Written Sept 2014… (very interesting now to look back on the ‘me’ then! - in fact I deleted loads of sections when I reposted this July 2019). Leading up to this blog I’d found it hard to write about being a mum and climber (and hadn’t done) - because basically I found the combination really hard - and it felt like what you were ‘supposed’ to say isn’t what I wrote below!! The reason I wrote in the end because at the time friends were asking me to - especially ones who hadn’t yet had children. So this is what I wrote - it seems honest and fairly brutal!
I personally believe that climbing as a mum has different obstacles to being a dad. These are just MY ramblings of course. And everyone has a very different experience. I was very fearful of pregnancy and pretty much terrified of birth. Aside from making the decision to actually have a baby (very difficult from my perspective - how would I really balance everything and climbing already gives such as full life doesn’t it), giving up your whole body for 9 months and beyond (if you breastfeed - as I did for 6 months), the birth and then the recovery to fitness is literally FULL ON.

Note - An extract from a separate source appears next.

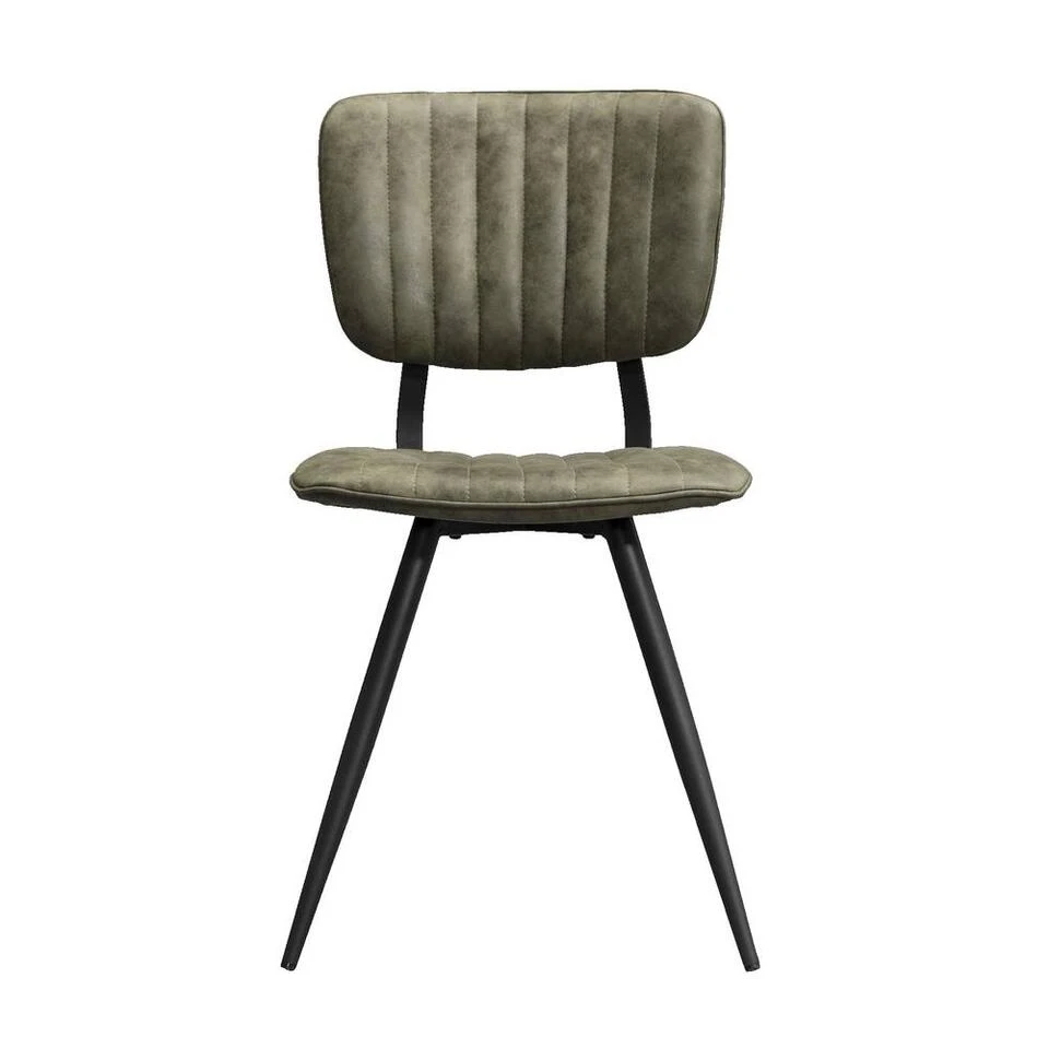 Eetkamerstoel Brim is een eenvoudige, maar opvallende stoel in je interieur. Deze stoel wordt gekenmerkt door een landelijk stoere look. Deze stijlvolle stoel heeft een rugleuning en zitting bekleed met stoffen bekleding in de kleur olijfgroen. Dit stoeltje staat op vier slanke pootjes van zwart metaal. De stoel zit comfortabel en heeft een trendy look. Zet deze stoelen aan een eetkamertafel van jouw keuze en stel zo je eigen eethoek samen.

Secondly, our culture and society. We are constantly, either consciously or subconsciously, fighting this super mum thing (you rarely hear ‘super dad’ being banded about do you), and this term, in my mind, should be banned. What this practically means is that literally nothing you achieve will ever seem to be enough. Society pressures us to regain our figures, our work and everything else, ideally effortlessly and quickly. Sometimes media reports of women climbing hard during pregnancy and immediately after the birth do not actually help (or at least it didn’t help me). If your bump doesn’t allow you even get off the sofa easily or your joints are so lax they may snap, that’s not your fault, it’s just the way your body works. Women climbing hard just before or after they pop is one big mystery to me.

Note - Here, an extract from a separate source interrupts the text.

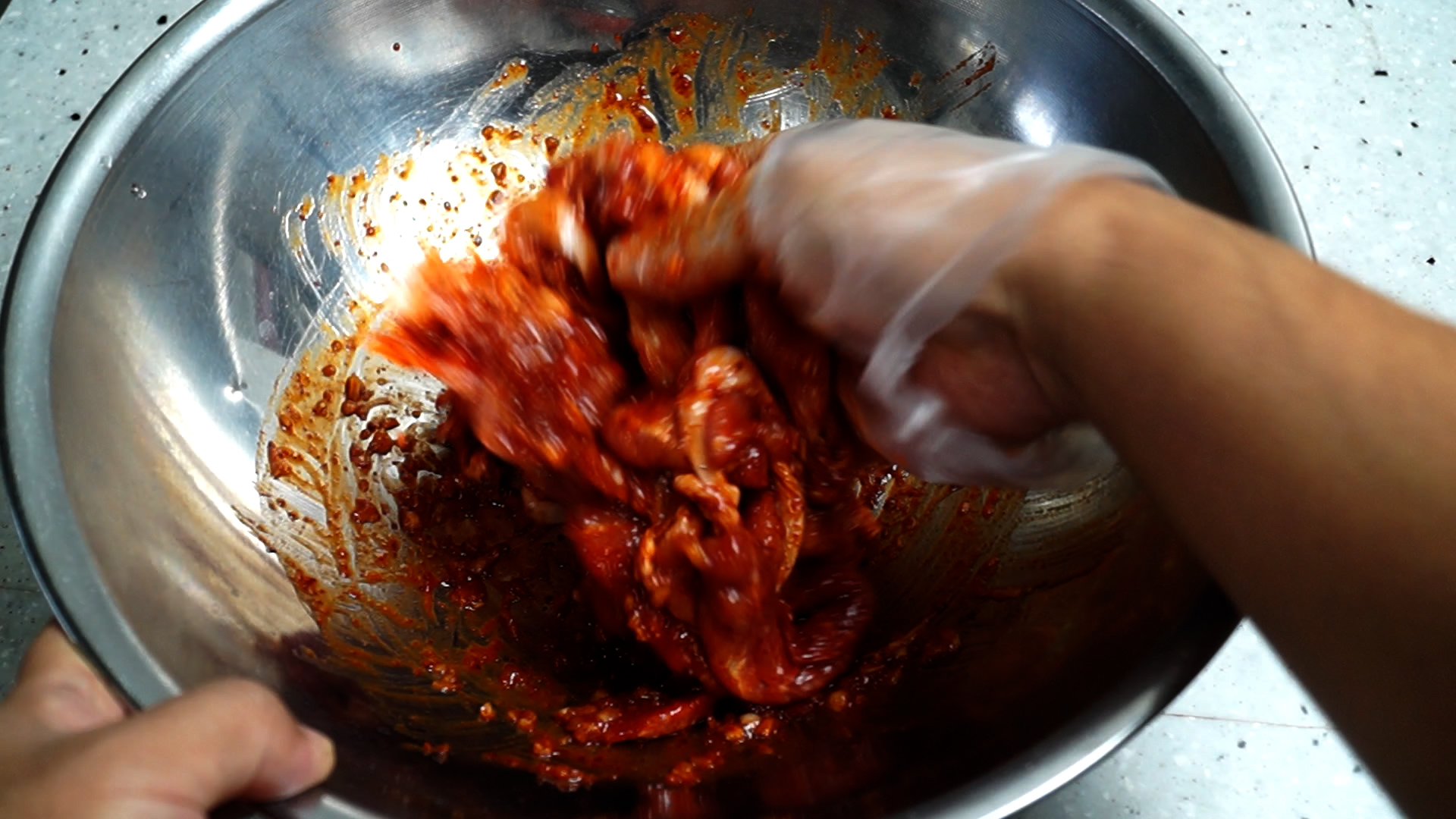 6. 고기에 숙성된 양념을 전부 부어서 잘 섞은 다음 2~3시간 냉장보관해주세요.

Thirdly: guilt. This was certainly, for me, unexpected. That heavy, thick, dark cloud seems to accompany me many places but mysteriously disappears whenever I’m with Vanessa. Why do I feel ‘guilty’ when I climb and Vanessa goes to nursery (I’ve only done this about 4 times), why do most mothers feel terribly torn, even after a year of maternity leave (men only get 1-2 weeks) in that decision whether or when to return to work? From my observations, again, men struggle less with this.

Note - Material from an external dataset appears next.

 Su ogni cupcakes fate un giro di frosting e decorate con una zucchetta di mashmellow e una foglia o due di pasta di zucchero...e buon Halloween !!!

I really want to emphasise that I’m not saying that dads have an easy ride - it is just different. I am so glad I don’t have that ‘bread winner conditioning’ weight dangling round my neck and of course dads get tired and run down too, just as mums do. But what I’m saying is that mums have different issues to deal with.
So if you can wade through all of that, you could well be set for a climbing come back!
Before I continue, here are my 2 golden rules of being a mum (which I aspire to but do not always manage to adhere to):
Do not at any time compare yourself to anyone else. Everybody’s bodies and lives are completely different.
Whether you realise it or not you are always doing your best.
Wow, I really should pay a bit more attention to those two points.
Here are some key ‘fact's’ from pregnancy and the early years of having Vanessa.
The pregnancy was great, in fact I enjoyed it.
I had a hard time leaving my ego behind in pregnancy – standing on Nic’s back (around 5 months pregnant) to overcome a steep start in an effort to lead an HVS in Northumberland and still not managing it was a low point.
I stopped climbing and physical work at 6 months pregnant (I should have stopped jumaring next to clients a shit load earlier though). My abs suffered.
The birth was hell but obviously successful.
Breastfeeding was a physical drain, but I wouldn’t have done anything else.
I didn’t lose any weight (and lost all ability to do a single pull up) until I finished breastfeeding.
I didn’t feel the need to remind myself that I felt like a sack of potatoes so after a couple of early attempts I didn’t even try climbing until Vanessa was about 4 months (I spent my time doing pilates instead).
I kept fit through walking everywhere with the pram, visited my local wall probably twice a week and climbed outside once a week, only on climbs that were well within my grade.
My body took a very long time to recover and fine tuning is still ongoing. It took 2 years to reach my previous best climbng form but more like 3 to really be back in the swing. I felt like I took it slowly.
It was 16 months before Vanessa went to nursery and whilst I did bits of work in that period, I didn’t do nearly as much as I do now.
During that first year I got more climbing in that I could have anticipated and I climbed with pure joy. I trad climbed on Lundy, North Wales, sport climbed in France and the Peak and enjoyed every second I had on the rock. Every single climb felt amazing. AND Vanessa’s first year was one of the happiest of my life.
Addition 2019: If If I could give one piece of advice looking back, it would be to truely listen to your body and go as gently as possible - pushing too hard WILL catch up with you in some way down the line. Looking back - I wasn’t always kind with myself or my body - my expectations where way out (I’m still learning). But I’ve learnt really (probably the hard way), genuinely I need to climb - when I make time for myself and give myself what I need, I am a much better, more giving parent.